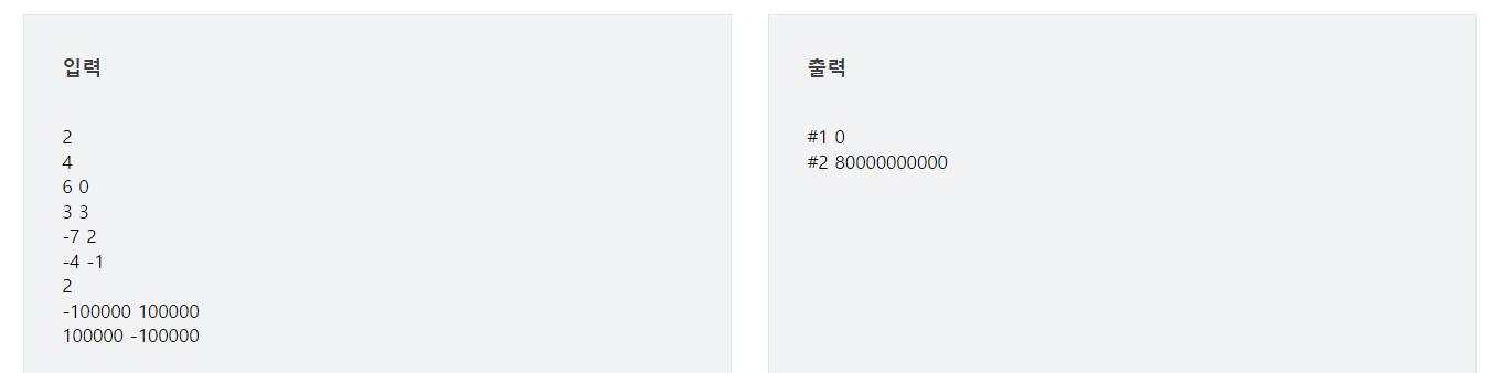 예시의 입출력을 확인하니 입력받은 값(x ,y)의 절반은 (-x, -y)로 바꾸어 x, y값을 각각 모두 더한 후 벡터의 크기를 계산하였을 때 가장 작은 값을 출력하였다.
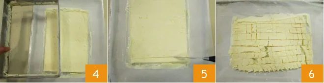 this way you will be able to remove the mold easily 4. Make cubes of about 0.5 inch (1 cm), creating a grid with the blade of the knife (5-6). Place it back in the freezer for at least 3 hours.
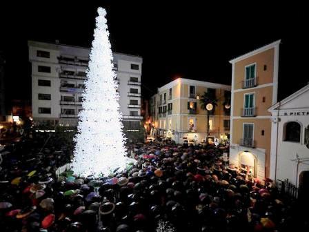 E' stata festa grande a Salerno per l'accensione del mega albero di Natale in piazza Portanova con il Sindaco Vincenzo De Luca e la conduttrice televi...
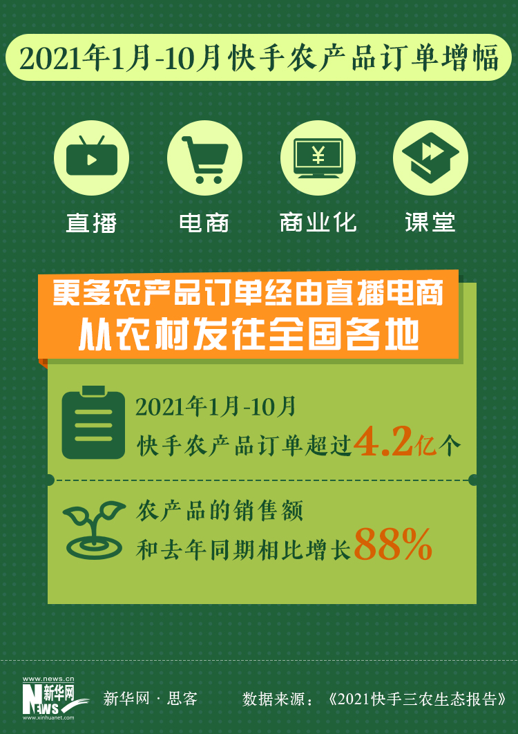 快手平台发布的《2021快手三农生态报告》指出,借助短视频和直播带货模式,越来越多的特色农产品走向全国,不仅给当地农民带来了丰厚的收入,也拉动了农村经济,实现了农产品畅销和乡村规模经济的共同发展。
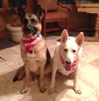 | ![]() Maui (formerly Mary from the Lake Elsinore Shelter) celebrates the addition of new brother, Bear, to the family APRIL 2012
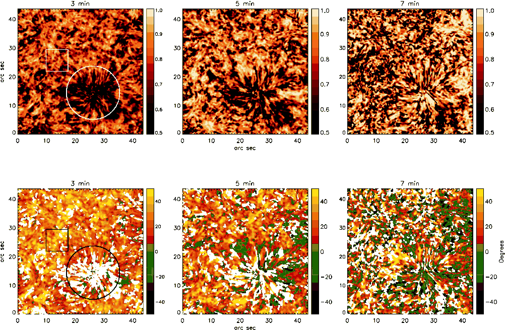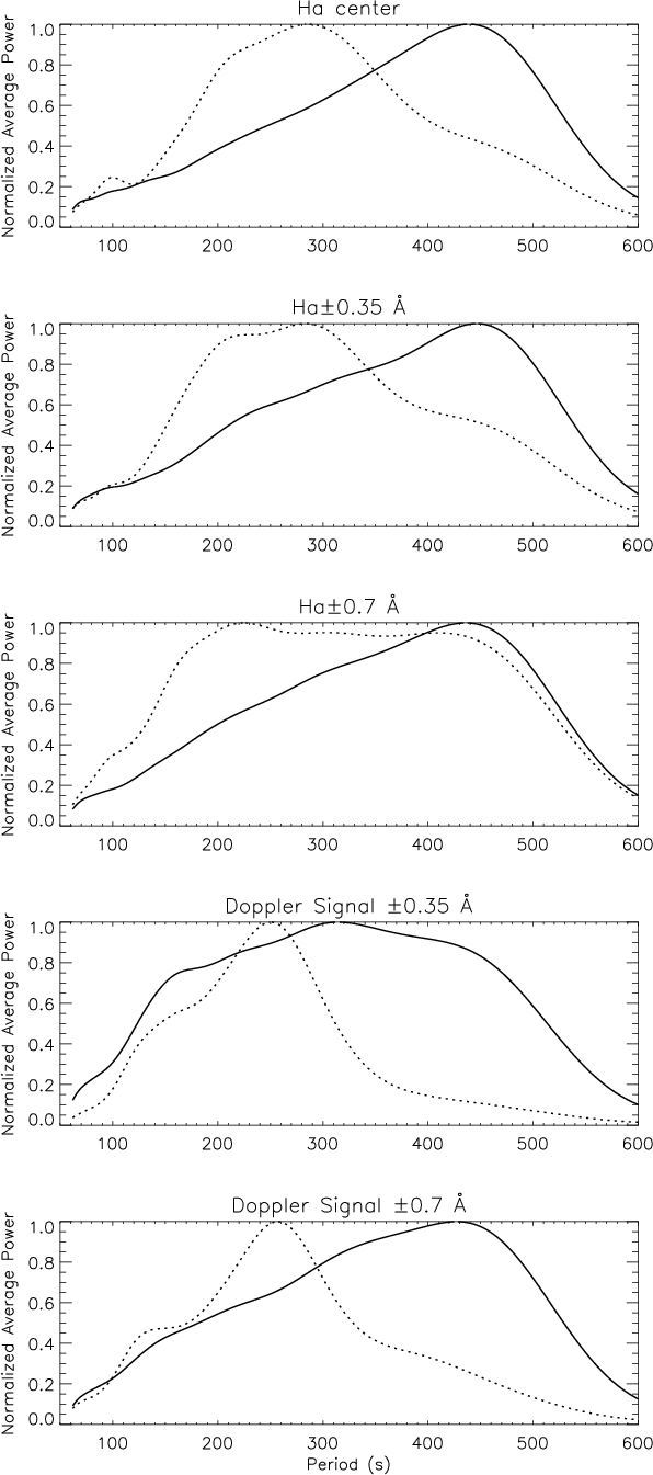 The distinct properties of the network and IN have been the subject of intense study. The NBPs exhibit long period oscillations, around 300 s or higher (Deubner & Fleck 1989; Lites et al. 1993; Cauzzi et al. 2000), which are attributed to either magnetoacoustic waves (Deubner & Fleck 1990; Lites et al. 1993) or to their erratic motions (Kneer & von Uexküll 1986; von Uexküll et al. 1989). The same studies find that the most prominent periodicity in the IN is in the 3 min range (5.5 mHz), while higher frequencies even up to 40 mHz or more (De Forest 2004; Fossum & Carlsson 2006) have been reported. The oscillations in the IN have been attributed to standing or evanescent acoustic waves. Along the mottles, oscillations with periods around 5 and 6 min have been detected (Tziotziou et al. 2004; Tsiropoula et al. 2009) and it seems that their dynamics differs from that of the IN they obscure. Although this is the behavior generally accepted for the oscillations in the aforementioned spatial regions, different results have also been reported (see the introduction of Tsiropoula et al. 2009), which may stem from the use of different diagnostics (different spectral lines and thus different heights of formation, filtergrams or slit images, different instruments etc.) and different methods (selection of regions and averaging).
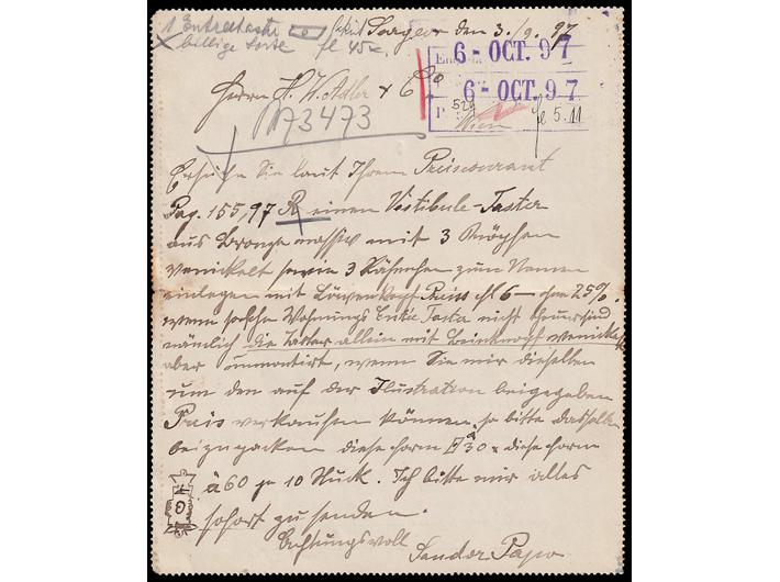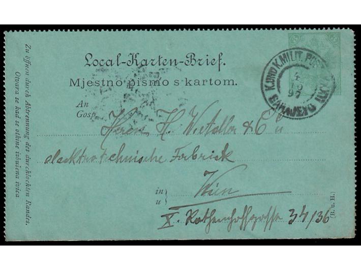 Zatvorena dopisnica za loko promet upućena iz Sarajeva u Beč 04.10. 1897. Opis: Zatvorena dopisnica za loko promet upućena iz Sarajeva u Beč 04.10. 1897. Dolaz na poleđini. Rijetka kombinacija, dobra kvaliteta. Zatvorena dopisnica za loko promet upućena iz Sarajeva u Beč 04.10. 1897. Aukcija: Aukcija br. 63 - Filatelija i razglednice Kataloški broj: 678 Kategorija: Bosna i Hercegovina Kvaliteta: ✉ Trenutna ponuđena cijena je 25EUR, ukoliko želite dati svoju ponudu ona mora biti barem 25EUR ili veća. Upišite vrijednost vaše ponude: Ostali predmeti iz kategorije: Bosna i Hercegovina * 618 100 EUR * 619 40 EUR ** 620 45 EUR ** 621 200 EUR * 622 40 EUR **/* 623 120 EUR * 624 150 EUR ** 625 25 EUR * 626 50 EUR ** 627 50 EUR ** 628 40 EUR * 629 30 EUR * 630 30 EUR **/* 631 70 EUR * 632 100 EUR * 633 40 EUR ** 634 60 EUR * 635 20 EUR * 636 20 EUR ** 637 25 EUR 1234→
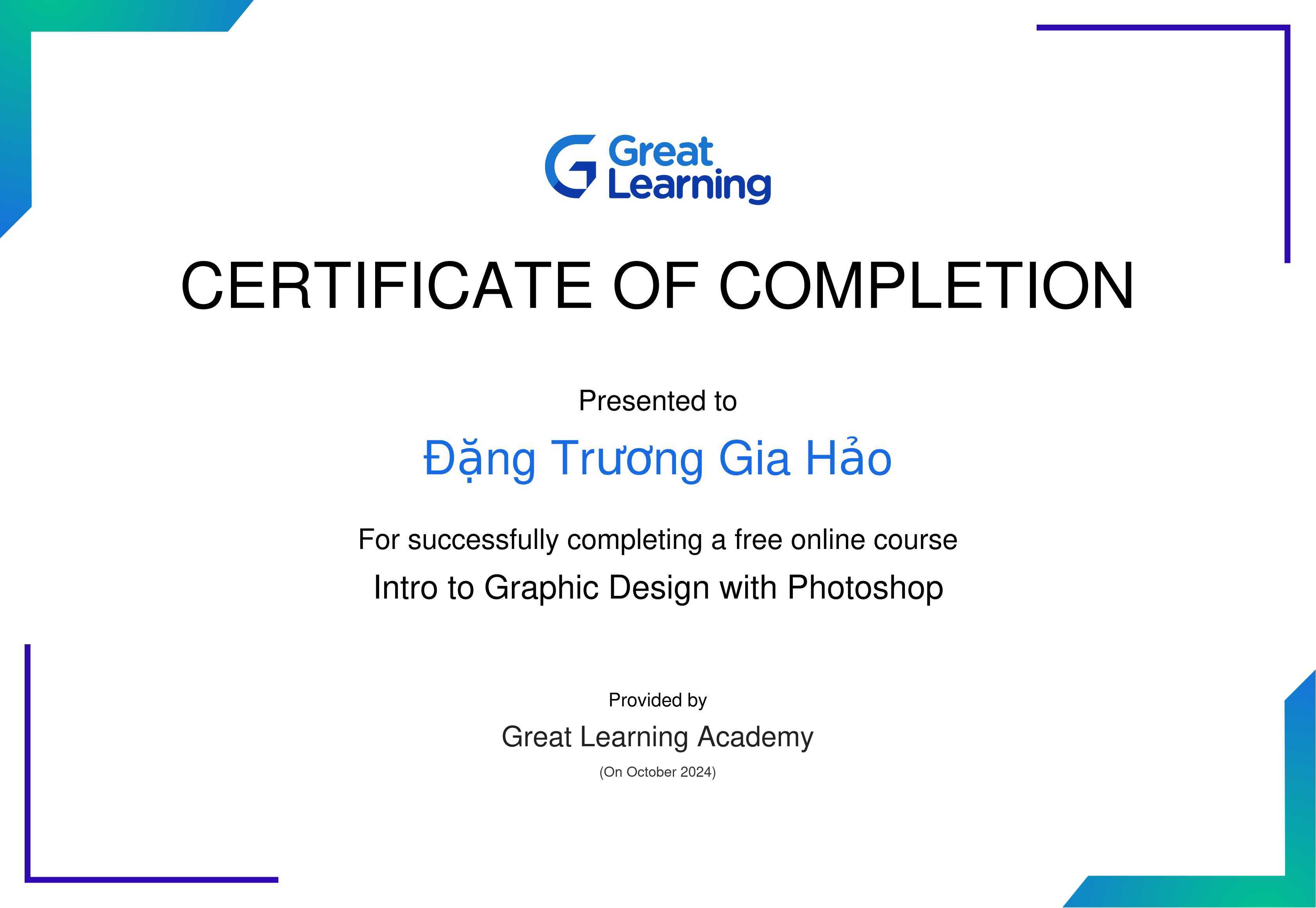 The certificate above verifies that Đặng Trương Gia Hảo has successfully completed the course Intro to Graphic Design with Photoshop
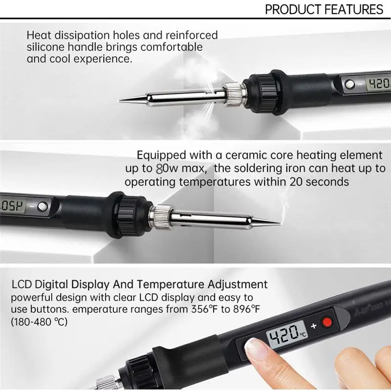 Этот паяльник-паяльник мощностью 80 Вт, который может работать при температуре 200-450 градусов Цельсия. Температура может быть скорректирована на 180-500 градусов Цельсия.

————————

• _EXERCISE REQUIREMENTS_
Only the pictures are to be left out; print everything else in the listing exactly.

• _REPLY TO THE EXERCISE_
 예시의 입출력을 확인하니 입력받은 값(x ,y)의 절반은 (-x, -y)로 바꾸어 x, y값을 각각 모두 더한 후 벡터의 크기를 계산하였을 때 가장 작은 값을 출력하였다.
 this way you will be able to remove the mold easily 4. Make cubes of about 0.5 inch (1 cm), creating a grid with the blade of the knife (5-6). Place it back in the freezer for at least 3 hours.
 E' stata festa grande a Salerno per l'accensione del mega albero di Natale in piazza Portanova con il Sindaco Vincenzo De Luca e la conduttrice televi...
 快手平台发布的《2021快手三农生态报告》指出,借助短视频和直播带货模式,越来越多的特色农产品走向全国,不仅给当地农民带来了丰厚的收入,也拉动了农村经济,实现了农产品畅销和乡村规模经济的共同发展。
 | ![]() Maui (formerly Mary from the Lake Elsinore Shelter) celebrates the addition of new brother, Bear, to the family APRIL 2012
 The distinct properties of the network and IN have been the subject of intense study. The NBPs exhibit long period oscillations, around 300 s or higher (Deubner & Fleck 1989; Lites et al. 1993; Cauzzi et al. 2000), which are attributed to either magnetoacoustic waves (Deubner & Fleck 1990; Lites et al. 1993) or to their erratic motions (Kneer & von Uexküll 1986; von Uexküll et al. 1989). The same studies find that the most prominent periodicity in the IN is in the 3 min range (5.5 mHz), while higher frequencies even up to 40 mHz or more (De Forest 2004; Fossum & Carlsson 2006) have been reported. The oscillations in the IN have been attributed to standing or evanescent acoustic waves. Along the mottles, oscillations with periods around 5 and 6 min have been detected (Tziotziou et al. 2004; Tsiropoula et al. 2009) and it seems that their dynamics differs from that of the IN they obscure. Although this is the behavior generally accepted for the oscillations in the aforementioned spatial regions, different results have also been reported (see the introduction of Tsiropoula et al. 2009), which may stem from the use of different diagnostics (different spectral lines and thus different heights of formation, filtergrams or slit images, different instruments etc.) and different methods (selection of regions and averaging).
 Zatvorena dopisnica za loko promet upućena iz Sarajeva u Beč 04.10. 1897. Opis: Zatvorena dopisnica za loko promet upućena iz Sarajeva u Beč 04.10. 1897. Dolaz na poleđini. Rijetka kombinacija, dobra kvaliteta. Zatvorena dopisnica za loko promet upućena iz Sarajeva u Beč 04.10. 1897. Aukcija: Aukcija br. 63 - Filatelija i razglednice Kataloški broj: 678 Kategorija: Bosna i Hercegovina Kvaliteta: ✉ Trenutna ponuđena cijena je 25EUR, ukoliko želite dati svoju ponudu ona mora biti barem 25EUR ili veća. Upišite vrijednost vaše ponude: Ostali predmeti iz kategorije: Bosna i Hercegovina * 618 100 EUR * 619 40 EUR ** 620 45 EUR ** 621 200 EUR * 622 40 EUR **/* 623 120 EUR * 624 150 EUR ** 625 25 EUR * 626 50 EUR ** 627 50 EUR ** 628 40 EUR * 629 30 EUR * 630 30 EUR **/* 631 70 EUR * 632 100 EUR * 633 40 EUR ** 634 60 EUR * 635 20 EUR * 636 20 EUR ** 637 25 EUR 1234→
 The certificate above verifies that Đặng Trương Gia Hảo has successfully completed the course Intro to Graphic Design with Photoshop
 Этот паяльник-паяльник мощностью 80 Вт, который может работать при температуре 200-450 градусов Цельсия. Температура может быть скорректирована на 180-500 градусов Цельсия.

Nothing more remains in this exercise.